Data block:
☆ ☆ ☆ ☆ ☆ ☆ ☆

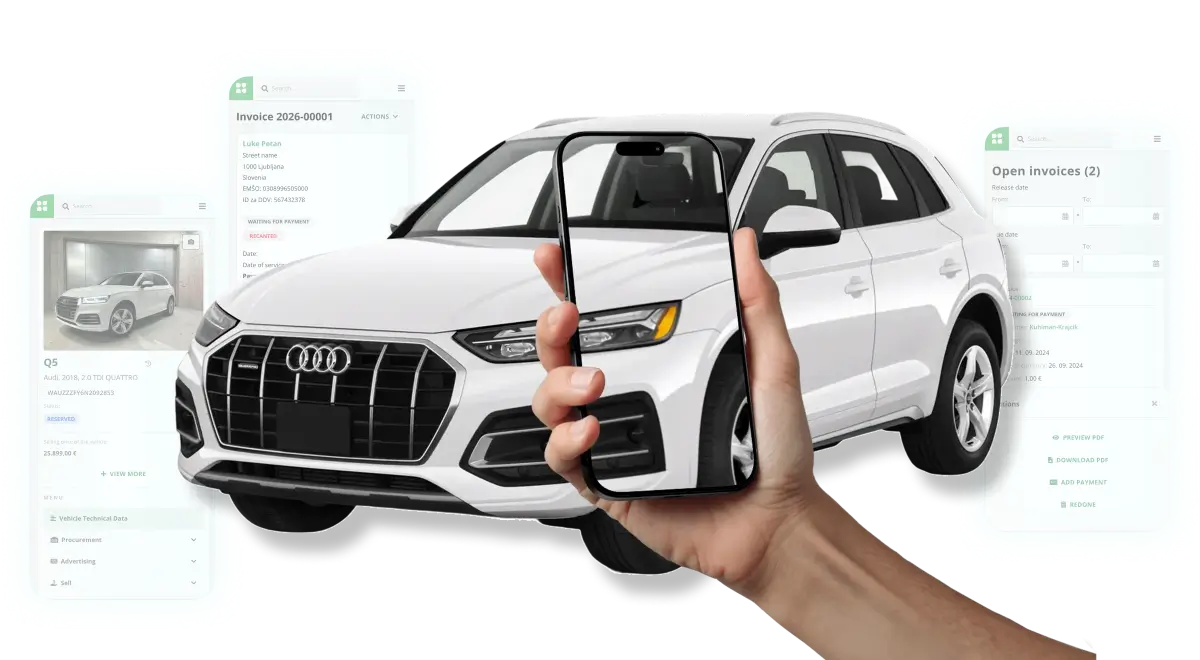 - Dostopaj do vozil, oglasov, dražb in kontaktov kjerkoli
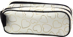 Dette hvide penalhus med gyldne hjerter giver fremragende organisering takket være to adskilte rum til opbevaring af dine skriveredskaber. Der er god plads til ikke blot kuglepenne og blyanter, men også linealer, viskelædere og overstregningstuscher. De separate rum sikrer bedre overblik og orden.
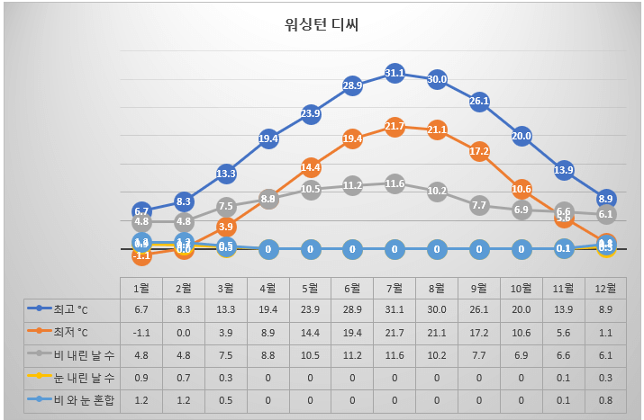 워싱턴 디씨는 습한 아열대 기후로 뚜렷한 사계절이 특징이다. 봄과 가을 동안은 평균 기온이 14°C-24°C으로 쾌적한 기온이 유지된다. 여름은 최고 29-34°C, 최저 15-25°C의 기온이다. 워싱턴 디씨의 여름은 따뜻한 기온뿐만 아니라 습도도 높다. 열과 습도의 조합으로 인해 느껴지는 무더위 동안에는 수분을 유지하고 폭염에 대비해 예방 조치를 취하는 지혜는 필수이다. 겨울은 평균 영하 6°C에서 영하 1°C까지 떨어지기 때문에 쌀쌀한 기온이다. 미국의 중부 대서양 지역에 위치하고 있는 워싱턴 디씨는 대서양, 애팔래치아 산맥, 체서피크만 등의 영향을 받는다. 대서양과의 근접성은 극심한 온도 변화를 완화시켜 도시의 기후에 온화하게 만든다. 도시를 가로질러 흐르는 포토맥 강도 기온에 중요한 영향을 준다. 강은 온도를 조절하여 따뜻한 날씨와 추운 날씨 모두에 영향을 미치는 습도의 원천이 된다. 콘크리트와 아스팔트 표면으로 이루어진 도시는 도시 열섬효과를 만든다. 이 현상은 시골 환경에 비해 도시 내에서 더 높은 온도가 유지되고 특히 여름철에 두드러진다. 워싱턴 디씨는 최고 기온이 41°C까지 올랐던 기록이 있다. 빈번한 폭우의 증가와 지속되는 폭염을 포함하여 날씨 패턴의 변화를 인식한 워싱턴은 강화된 빗물 관리 시스템 및 에너지 효율성을 촉진하기 위한 새로운 구상 등 기초적인 시설 개선에 많은 투자를 하고 있다.
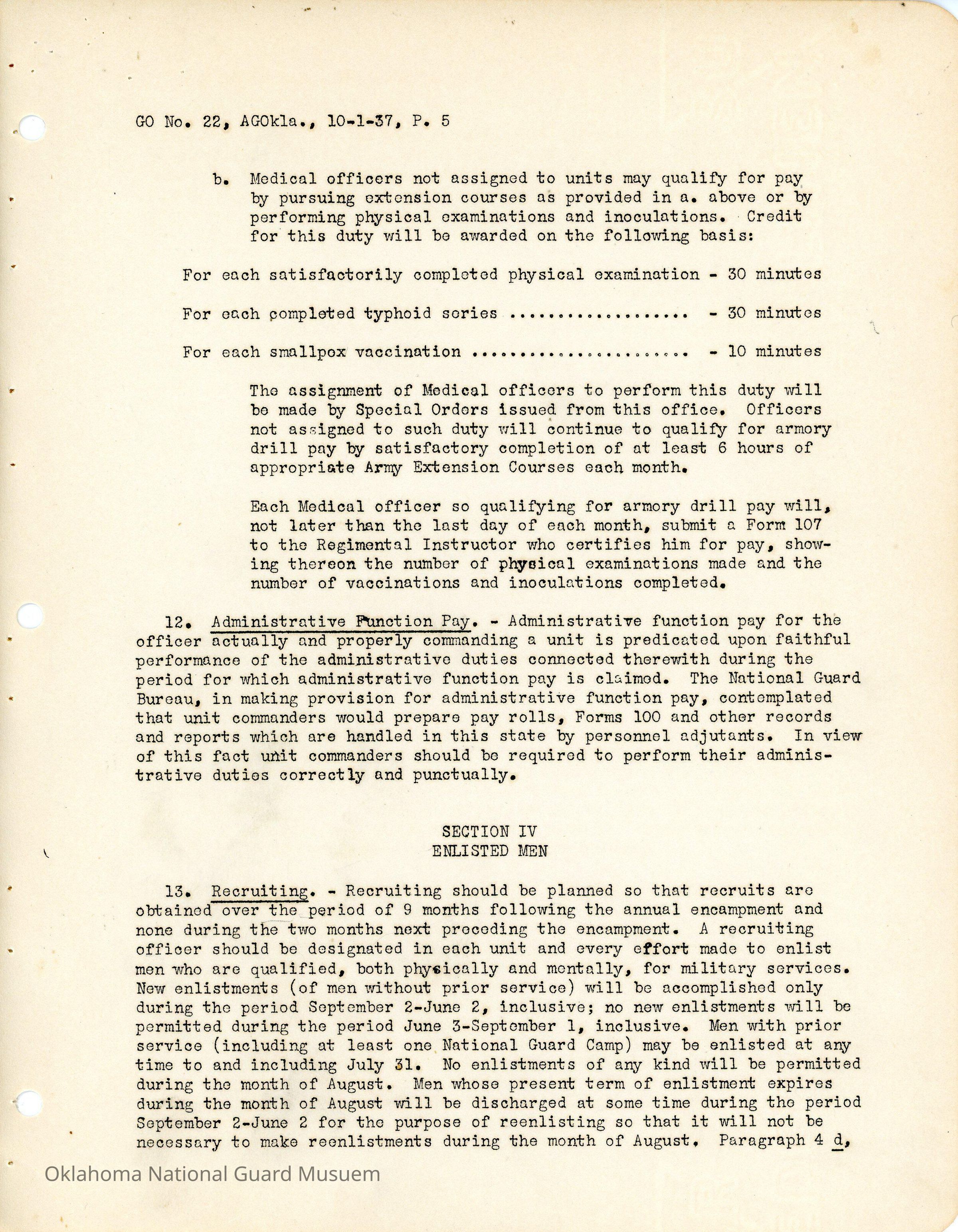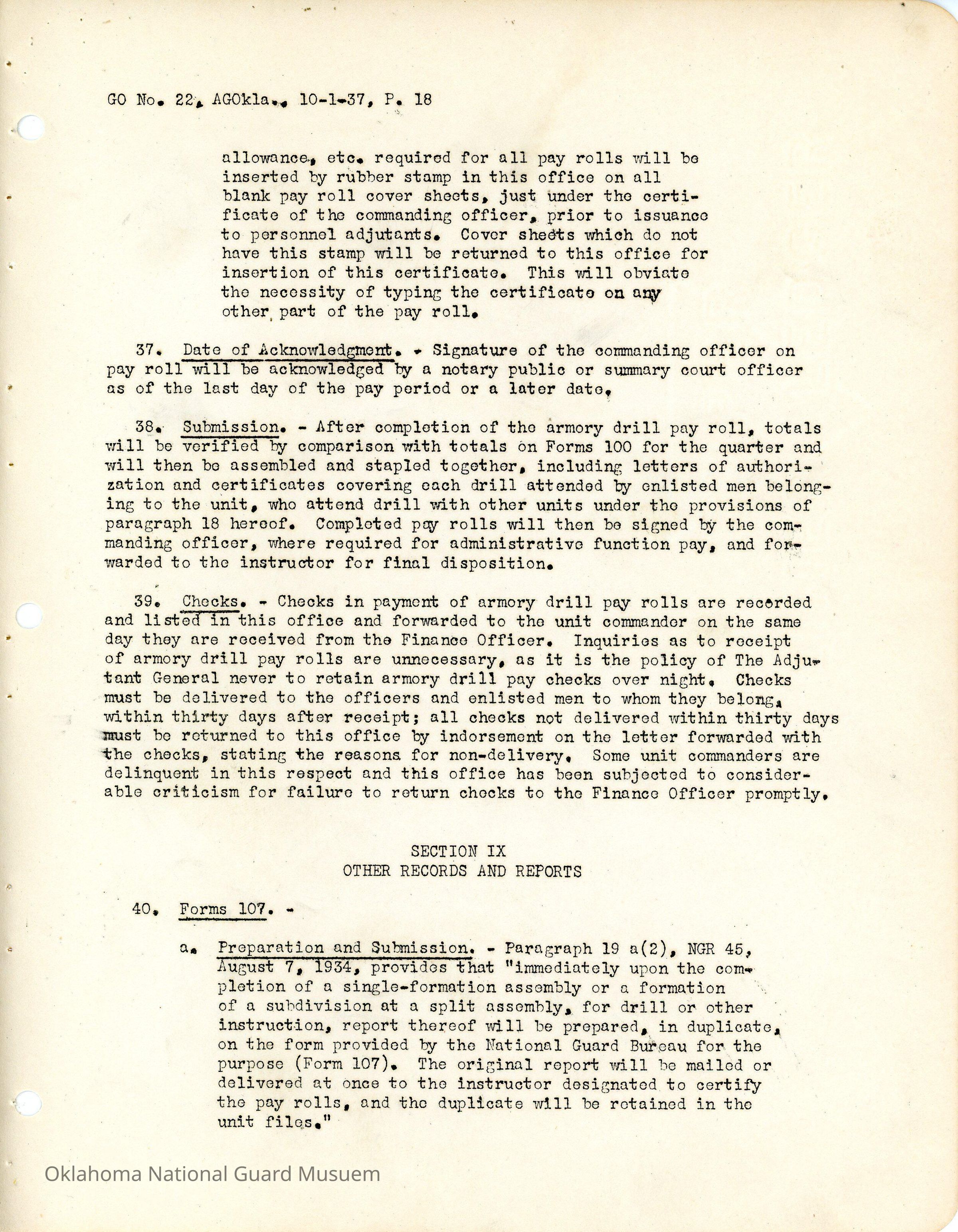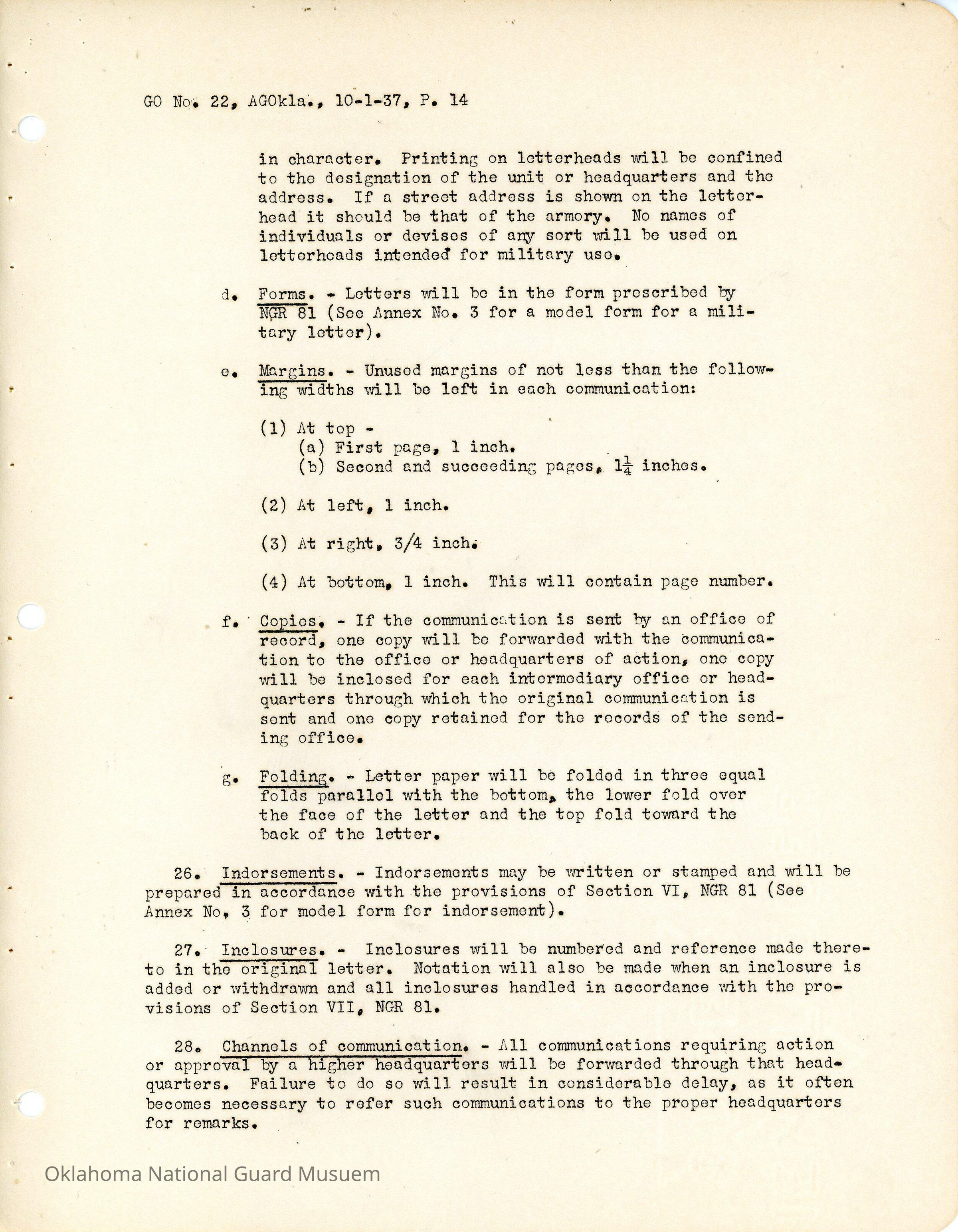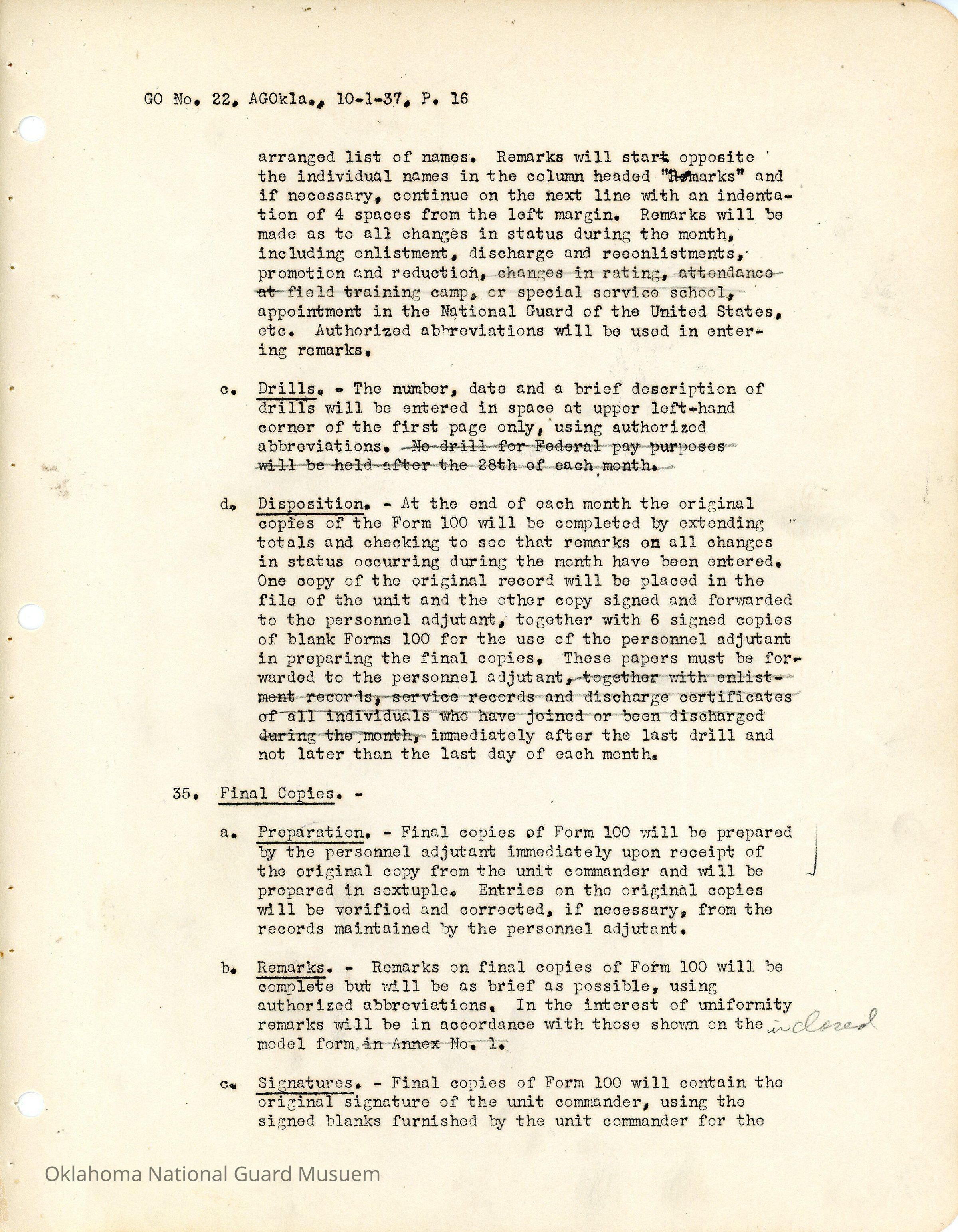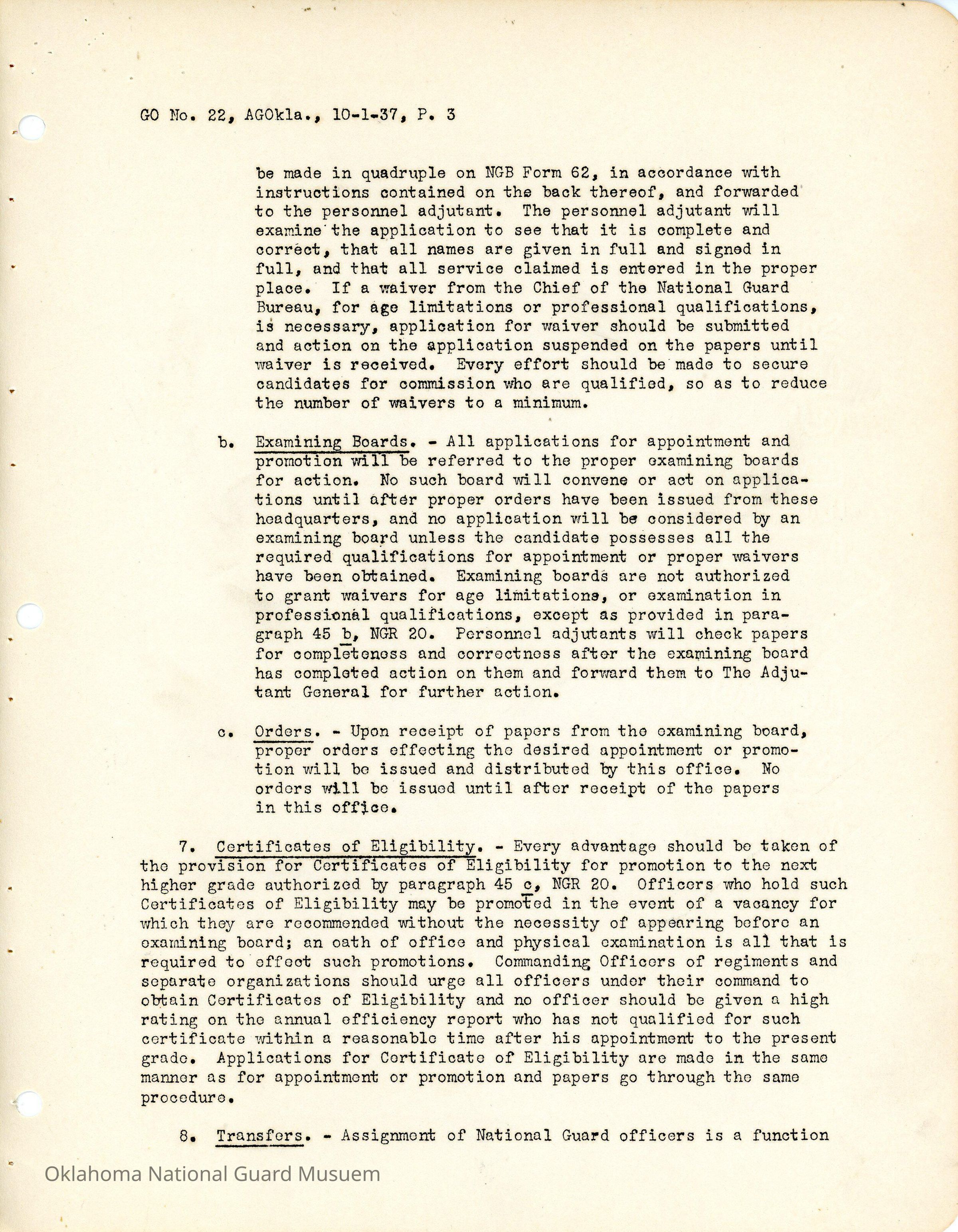 General Order #22 from Headquarters Adjutant General's Office in Oklahoma City. The order compiles all existing regulations, orders, and instructions related to personnel and personnel records in the Oklahoma National Guard. It also rescinds all previous orders, memorandums, letters, and other instructions relative to personnel.Date(s) of Creation

☆ ☆ ☆ ☆ ☆ ☆ ☆

What the task requires:
Your copy must start at the line that holds "워싱턴 디씨는 습한 아열대" and end at the last line of the data, both included; it must contain no pictures.

Task result:
 워싱턴 디씨는 습한 아열대 기후로 뚜렷한 사계절이 특징이다. 봄과 가을 동안은 평균 기온이 14°C-24°C으로 쾌적한 기온이 유지된다. 여름은 최고 29-34°C, 최저 15-25°C의 기온이다. 워싱턴 디씨의 여름은 따뜻한 기온뿐만 아니라 습도도 높다. 열과 습도의 조합으로 인해 느껴지는 무더위 동안에는 수분을 유지하고 폭염에 대비해 예방 조치를 취하는 지혜는 필수이다. 겨울은 평균 영하 6°C에서 영하 1°C까지 떨어지기 때문에 쌀쌀한 기온이다. 미국의 중부 대서양 지역에 위치하고 있는 워싱턴 디씨는 대서양, 애팔래치아 산맥, 체서피크만 등의 영향을 받는다. 대서양과의 근접성은 극심한 온도 변화를 완화시켜 도시의 기후에 온화하게 만든다. 도시를 가로질러 흐르는 포토맥 강도 기온에 중요한 영향을 준다. 강은 온도를 조절하여 따뜻한 날씨와 추운 날씨 모두에 영향을 미치는 습도의 원천이 된다. 콘크리트와 아스팔트 표면으로 이루어진 도시는 도시 열섬효과를 만든다. 이 현상은 시골 환경에 비해 도시 내에서 더 높은 온도가 유지되고 특히 여름철에 두드러진다. 워싱턴 디씨는 최고 기온이 41°C까지 올랐던 기록이 있다. 빈번한 폭우의 증가와 지속되는 폭염을 포함하여 날씨 패턴의 변화를 인식한 워싱턴은 강화된 빗물 관리 시스템 및 에너지 효율성을 촉진하기 위한 새로운 구상 등 기초적인 시설 개선에 많은 투자를 하고 있다.
 General Order #22 from Headquarters Adjutant General's Office in Oklahoma City. The order compiles all existing regulations, orders, and instructions related to personnel and personnel records in the Oklahoma National Guard. It also rescinds all previous orders, memorandums, letters, and other instructions relative to personnel.Date(s) of Creation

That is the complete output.